[Stored data entries]
================================

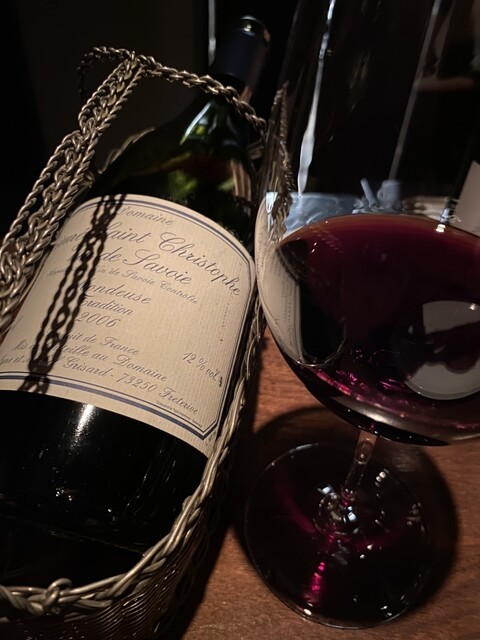 飲み物は、グラスでシャンパン(フランソワ・オルバンのブリュット・レゼルヴ)、グラスで白ワイン(ヴァルジェのサン・ヴェラン・リュー (アンテル) ディ2022年)、ボトルで赤ワイン(プリウレ・サン・クリストフのヴァン・ド・サヴォワ・ルージュ・モンドゥーズ・トラディシオン2006年)。
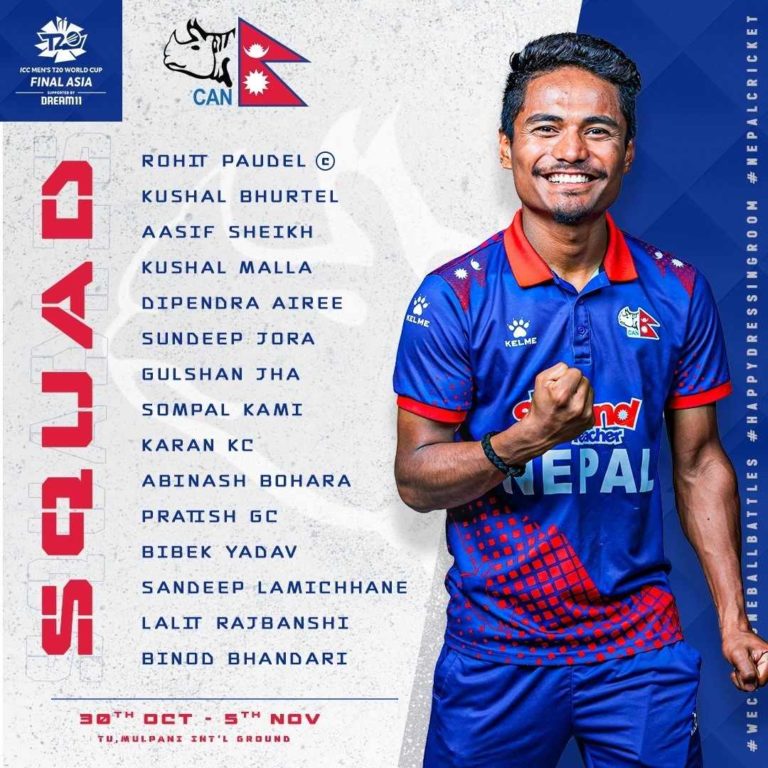 अन्तिम १५ मा लेग स्पिनर सन्दीप लामिछानेलाई समेटिएकाे छ भने स्पिनर सूर्य तामाङ, श्याम ढकाल, सागर ढकाल र युवा ब्याटर लोकेश बम बाहिरिएका छन् । यसअघि परिवारलाइ समय दिने भन्दै लामिछानेले त्रिकोणात्मक टी-२० आई सिरिज खेलेका थिएनन्।
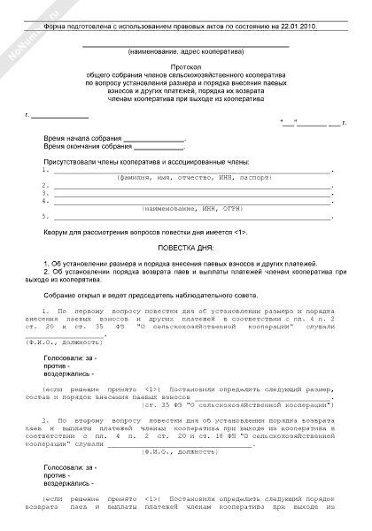 - 1005Протокол общего собрания членов сельскохозяйственного кооператива по вопросу установления размера и порядка внесения паевых взносов и других платежей, порядка их возврата членам кооператива при выходе из кооператива
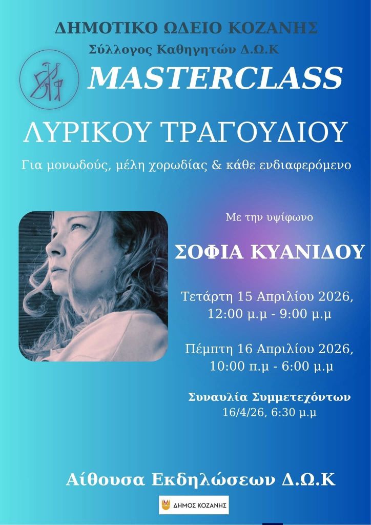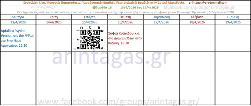 Aptallica Psycho Version στο Bar Ψίλος στο Ξινό Νερό Αμυνταίου. Δευτέρα 13/4/26, 22:30Σοφία Κυανίδου κ.α. στο Δρίζειο Ωδείο στην Κοζάνη. Πέμπτη 16/4/26, 18:30
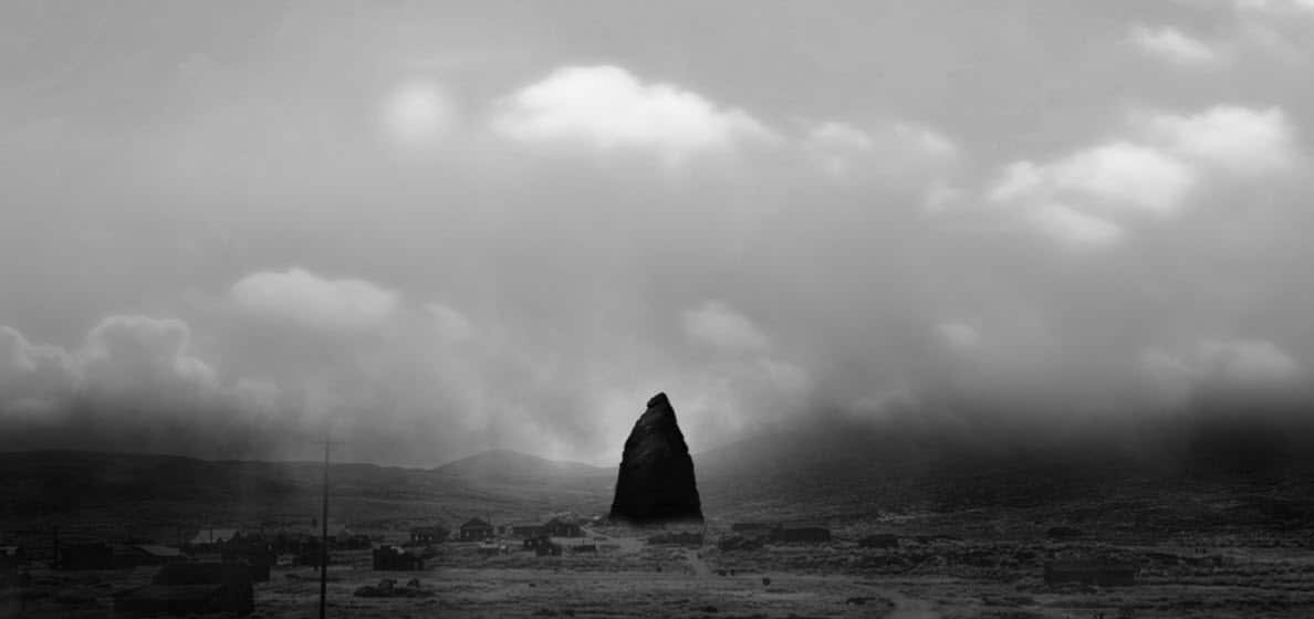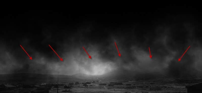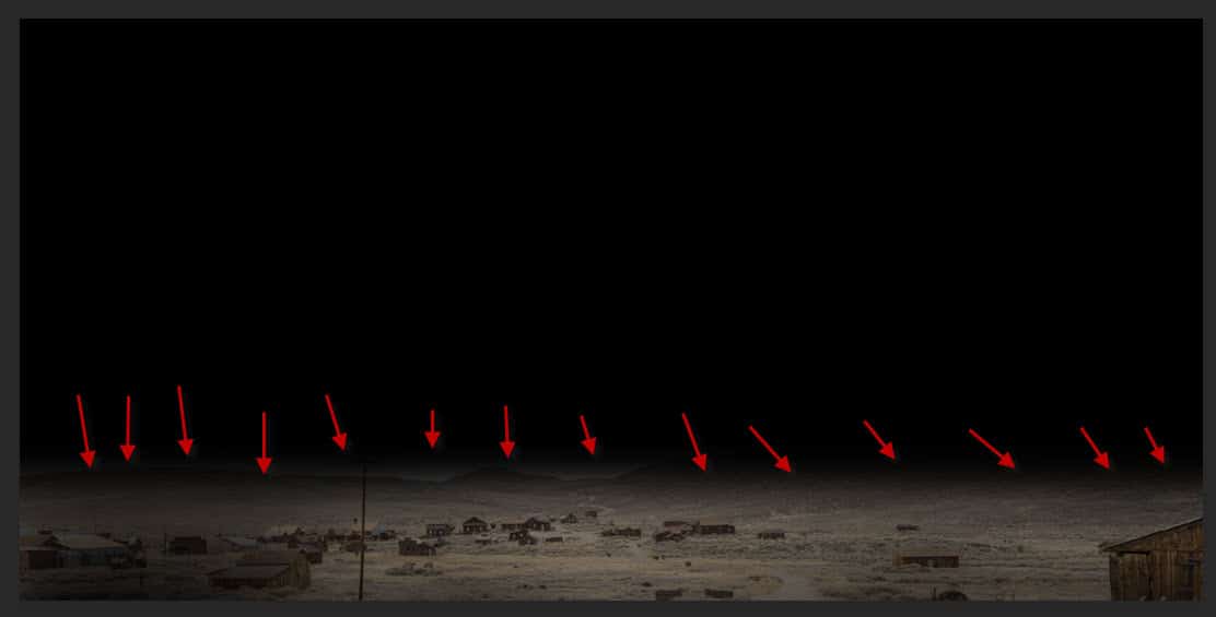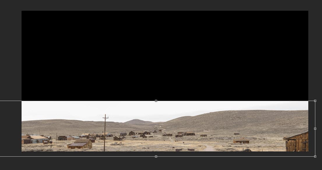 Create a new document sized 1440px * 709px with black background. Load the desert stock image into Photoshop, place it at the bottom of the canvas as shown below:
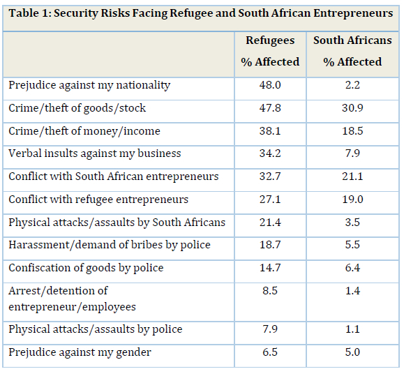 In this paper, we have undertaken a comparative risks assessment and vulnerabilities analysis for refugee and South African entrepreneurs operating small business ventures in the informal economies of Cape Town city and various towns of Limpopo Province. Our results show that while both groups are exposed to several risks concurrently, refugee enterprises are far more vulnerable and overexposed. The social and structural insecurity experienced by refugee entrepreneurs is unambiguous from several key findings. Despite operating in the same localised environment and under similar conditions, this group encounters a more challenging set of hurdles and on a more frequent basis. The general act of operating small businesses in the informal economic sector does make business owners of all kinds vulnerable, but this alone cannot explain the greater vulnerabilities of the refugee cohort. Instead, xenophobia and refugee business owners' status as 'outsiders' adds another layer of risk for these operators. Limited access to police protection and mistreatment by them only exacerbates this insecurity.
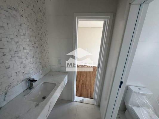 ¿ Sala ampla para três ambientes com piso em porcelanato e lavabo, proporcionando sofisticação e conforto.
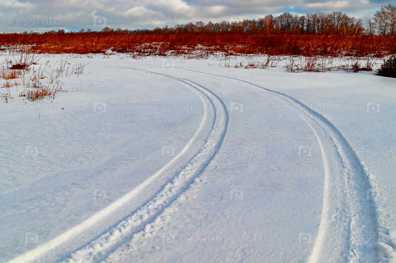 След автомобильных шин на пустой зимней проселочной дороге. зимний пейзаж
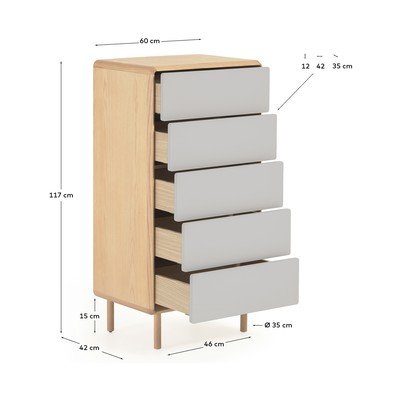 Komoda disponuje piatimi zásuvkami, ktoré sú pre pohodlné otváranie vybavené mechanizmom push-to-open. Jej dizajn sa vyznačuje zaoblenými hranami a štíhlymi nohami, ktoré sú navyše nastaviteľné, čo zaisťuje stabilitu aj na nerovnom povrchu.
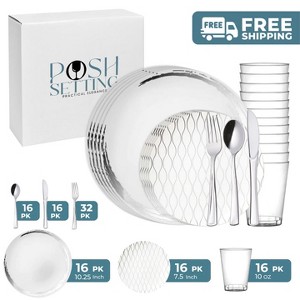 Product Name: Posh Setting 112 Piece White And Silver Plastic Party Bundle - Whisk (16 Settings)
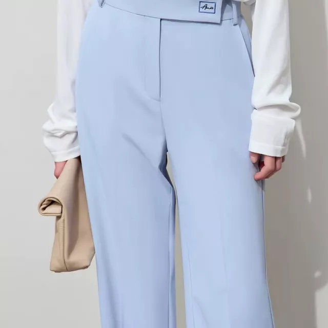 The solid-color base is elevated with delicate contrast embroidery, adding a refined yet subtle detail that enhances the overall aesthetic. The flat front and zipper fly closure provide a seamless and professional look, making these trousers ideal for workwear or stylish everyday ensembles.
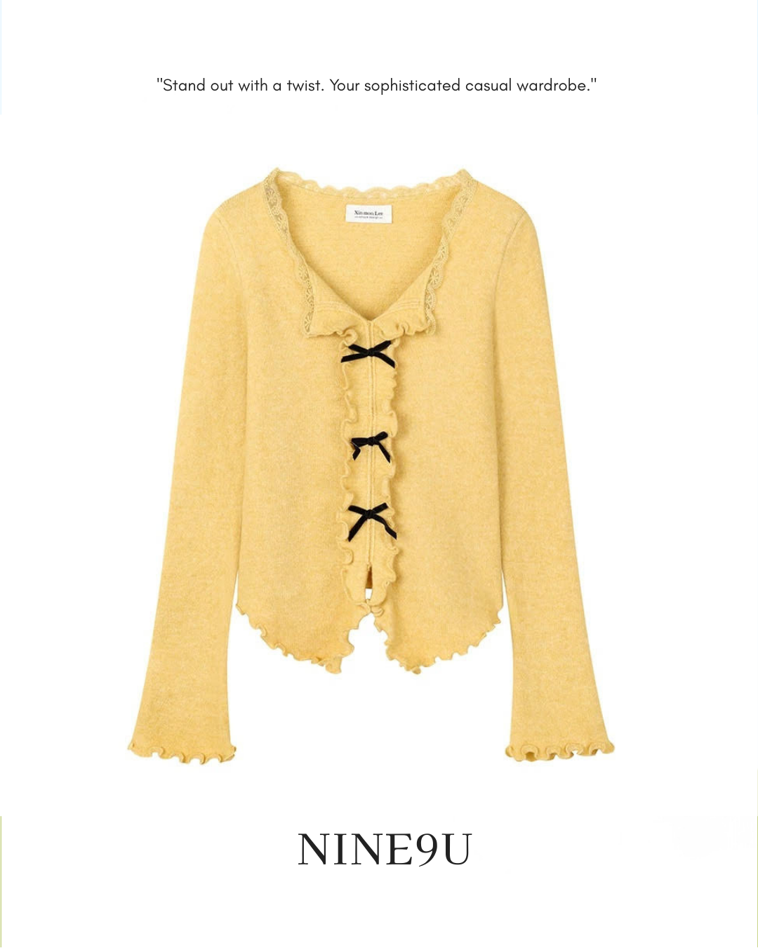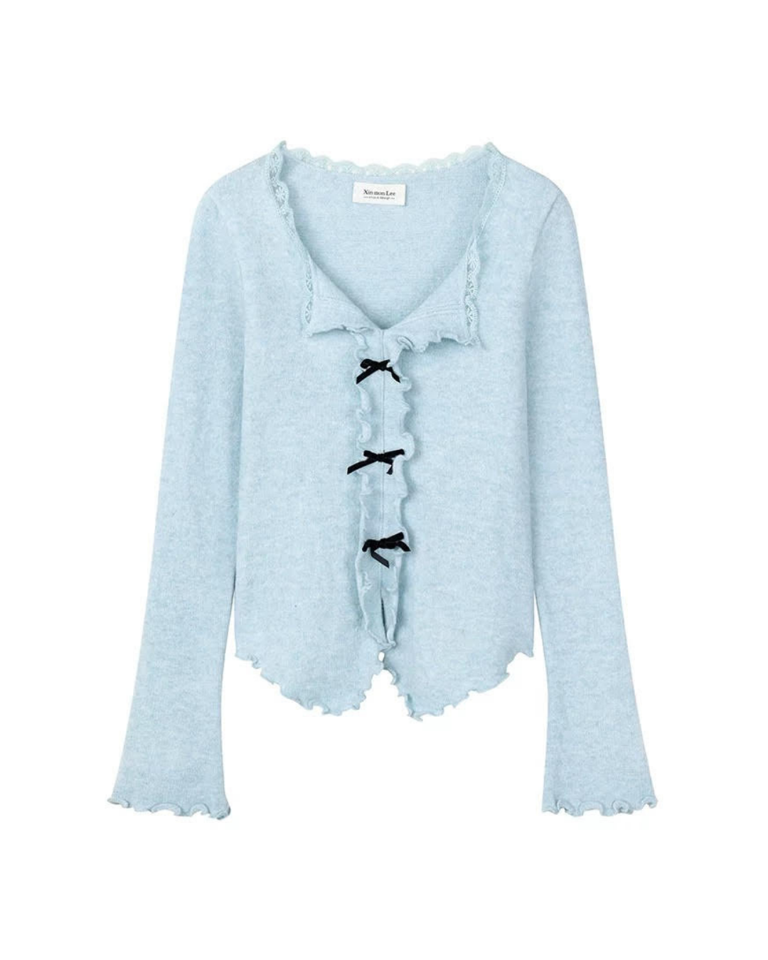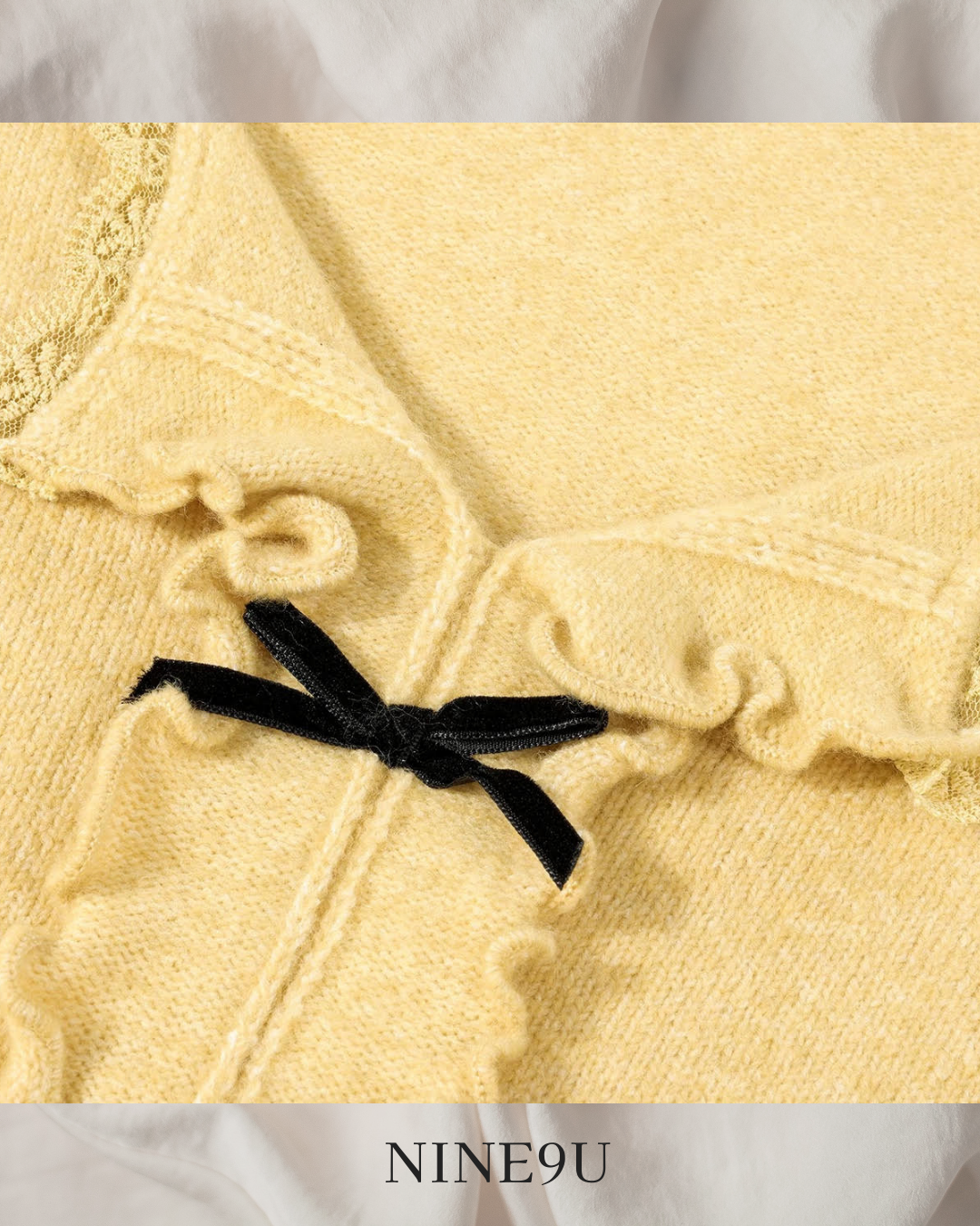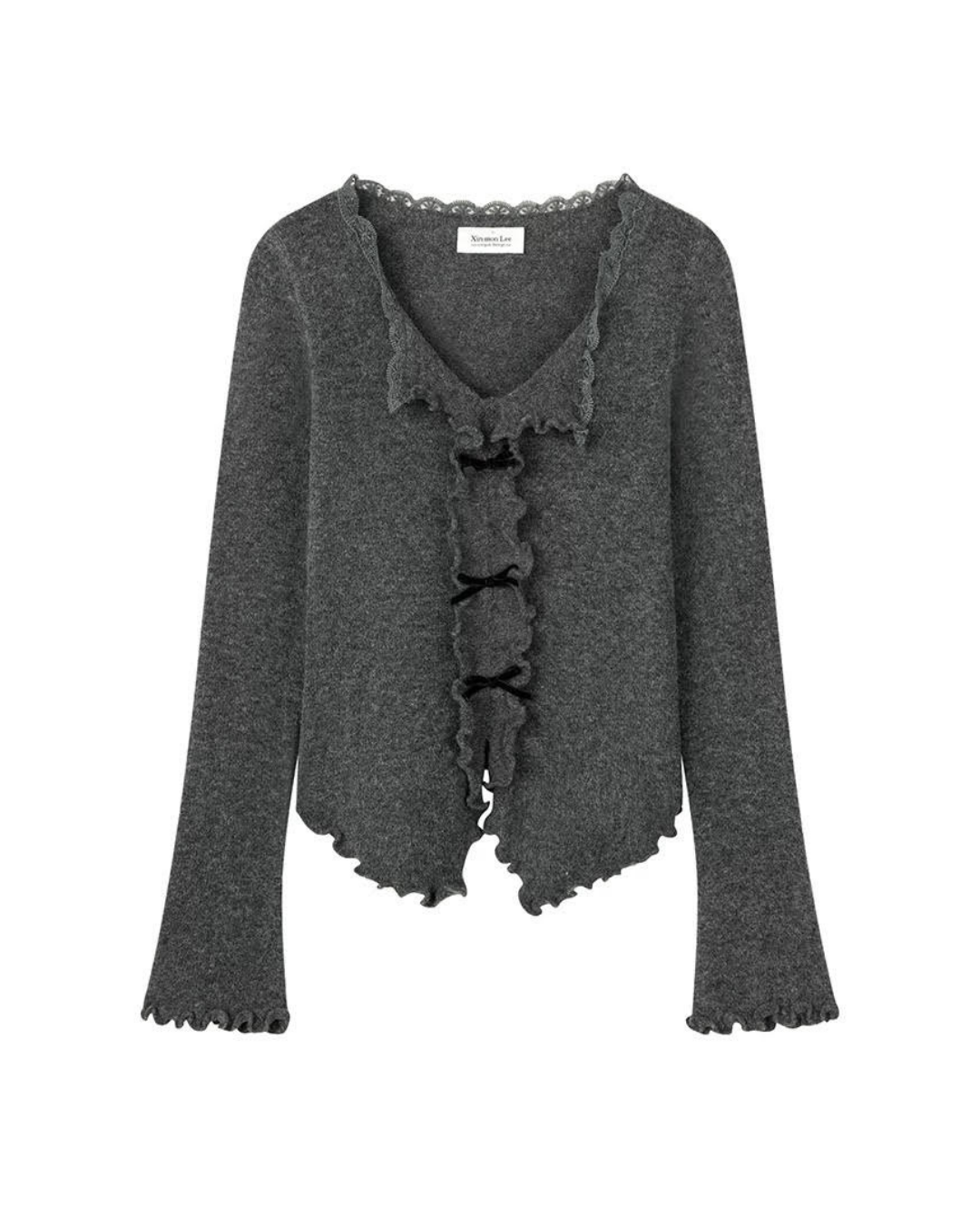 Vネックデザインとキュートなリボンとレースが特徴のロマンティックな長袖ニットです。フェミニンな印象を与えながらも、柔らかなニット素材が着心地を実現します。様々なシーンで活躍する一着で、デイリースタイルから特別な日のコーディネートまで幅広く活躍するアイテムです。

================================

Skip every picture, and restate word for word only the lines above from the line containing "Aptallica Psycho Version" to the line containing "Create a new", both of them included.

| WRITTEN REPLY |
 Aptallica Psycho Version στο Bar Ψίλος στο Ξινό Νερό Αμυνταίου. Δευτέρα 13/4/26, 22:30Σοφία Κυανίδου κ.α. στο Δρίζειο Ωδείο στην Κοζάνη. Πέμπτη 16/4/26, 18:30
 Create a new document sized 1440px * 709px with black background. Load the desert stock image into Photoshop, place it at the bottom of the canvas as shown below:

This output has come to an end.